Читаем Том 5. Набоб. Сафо полностью

— А кто, по-вашему, Моипавон?.. А Буа-Ландри?.. И даже сам де Мора? И…

Она чуть было не сказала «и Набоб», но удержалась.

— И сколько еще таких!.. Я бы не советовала вам говорить с презрением о богеме… Ваша клиентура модного врача, благороднейший Дженкинс, сплошная богема — богема промышленников, финансистов и политиканов, опустившихся людей с подмоченной репутацией. Они встречаются во всех слоях общества, и чем выше мы поднимаемся, тем их больше, потому что видное положение обеспечивает безнаказанность, а богатство щедро оплачивает молчание. — Она говорила взволнованно, выражение лица у нее было сурово, верхняя губа приподнялась от яростного презрения. Дженкинс, неестественно посмеиваясь, повторял наигранно-непринужденным и снисходительным тоном:

— Ах, бедовая головка! Бедовая головка!

При этом он встревоженно, с умоляющим видом поглядывал на Набоба, словно прося у него извинения за все ее дерзкие выходки.
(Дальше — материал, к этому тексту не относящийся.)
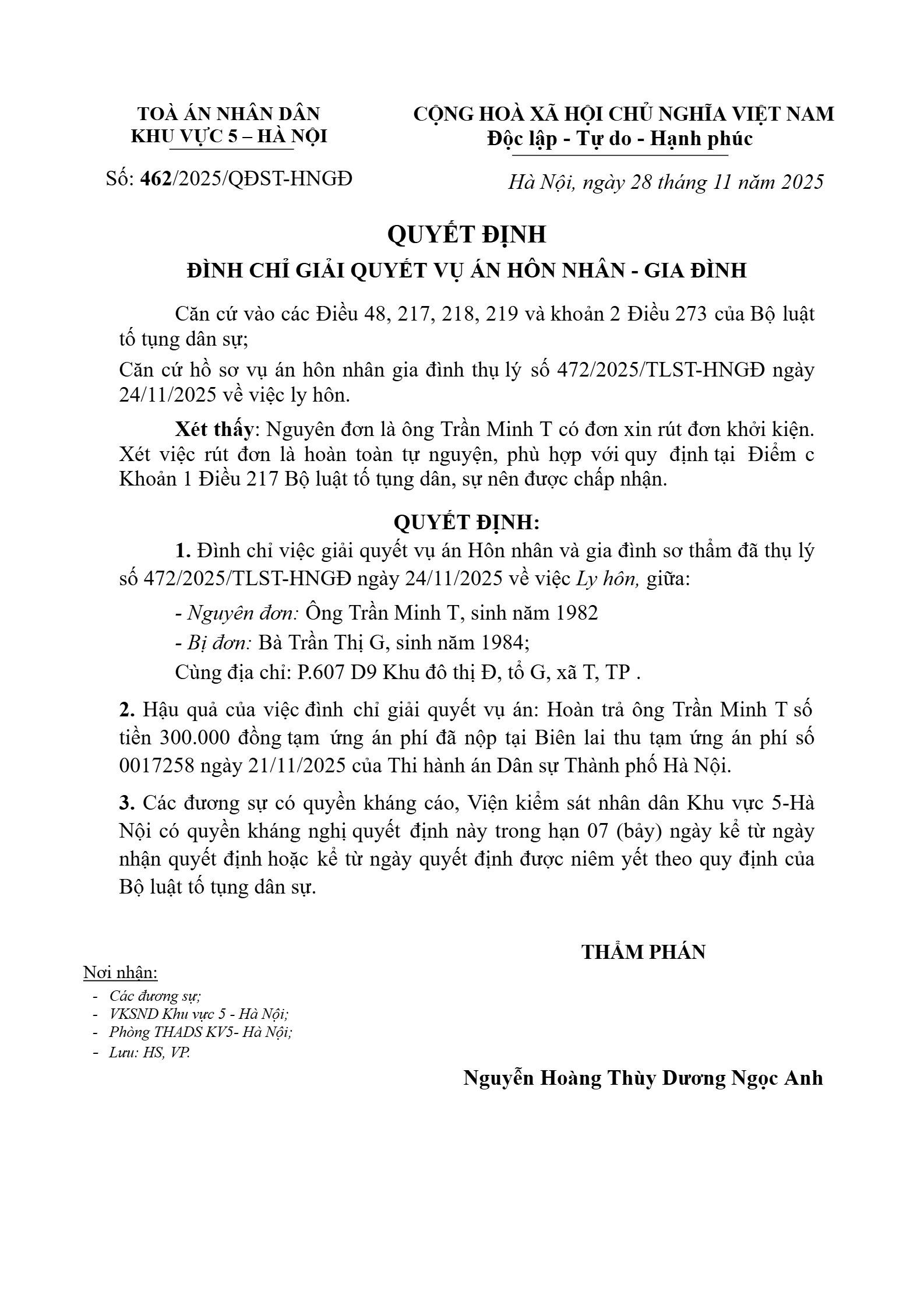 Quyết định số 462/2025/QĐST-HNGĐ ngày 28/11/2025 của Tòa án nhân dân khu vực 5 - Hà Nội, TP. Hà Nội về vụ án ly hôn về mâu thuẫn gia đình

Но Жансуле, которого ее слова, казалось, нисколько не задевали, довольный тем, что он позирует красивой художнице, гордясь оказанной ему честью, одобрительно кивал головой.

— Она права, Дженкинс, — сказал он, когда Фелиция умолкла. — она права. Настоящие представители богемы — это наши братья. Возьмите, к примеру, меня, возьмите Эмерленга, богатейших дельцов Парижа. Когда я вспоминаю, с чего мы начали, какими только профессиями не занимались, — Эмерленг был полковым маркитантом, а я ради куска хлеба грузил мешки с зерном в марсельском порту, — и благодаря каким чисто случайным удачам мы составили себе состояние, что, впрочем, можно теперь сказать обо всех крупных состояниях… В самом деле, черт побери! Прогуляйтесь-ка между тремя и пятью под колоннадой Биржи… Простите, мадемуазель, с моей привычкой жестикулировать во время разговора я потерял позу… Как нужно сесть? Вот так?..

— Не стоит, — ответила Фелиция, бросая стеку жестом избалованного ребенка. — Сегодня я больше не буду работать.

Странная девушка была эта Фелицня, истинная дочь художника, высокоодаренного и беспорядочного, верного романтическим традициям, каким был Себастьен Рюис. Фелиция не знала матери. Она была плодом мимолетной связи, неожиданно вторгшейся в холостяцкую жизнь скульптора, как ласточка, залетевшая в дом, двери которого всегда открыты, и покидающая его из-за невозможности свить там гнездо.

На этот раз женщина, улетая, оставила знаменитому скульптору, достигавшему тогда сорокалетнего возраста, прелестного ребенка, которого он усыновил, воспитал и который стал самой большой радостью, самой нежной привязанностью всей его жизни. До тринадцати лет Фелиция оставалась у отца, внося ребяческую, трогательную нотку в эту мастерскую, где толпились бездельники, натурщицы, а на диванах, вытянувшись во всю длину, лежали борзые. Там был уголок, предназначенный для девочки, для ее первых скульптурных опытов, полное микроскопическое оборудование, подставка, воск, и старый Рюис кричал входившим в мастерскую:

— Туда не ходи!.. Ничего там не трогай!.. Это уголок малютки.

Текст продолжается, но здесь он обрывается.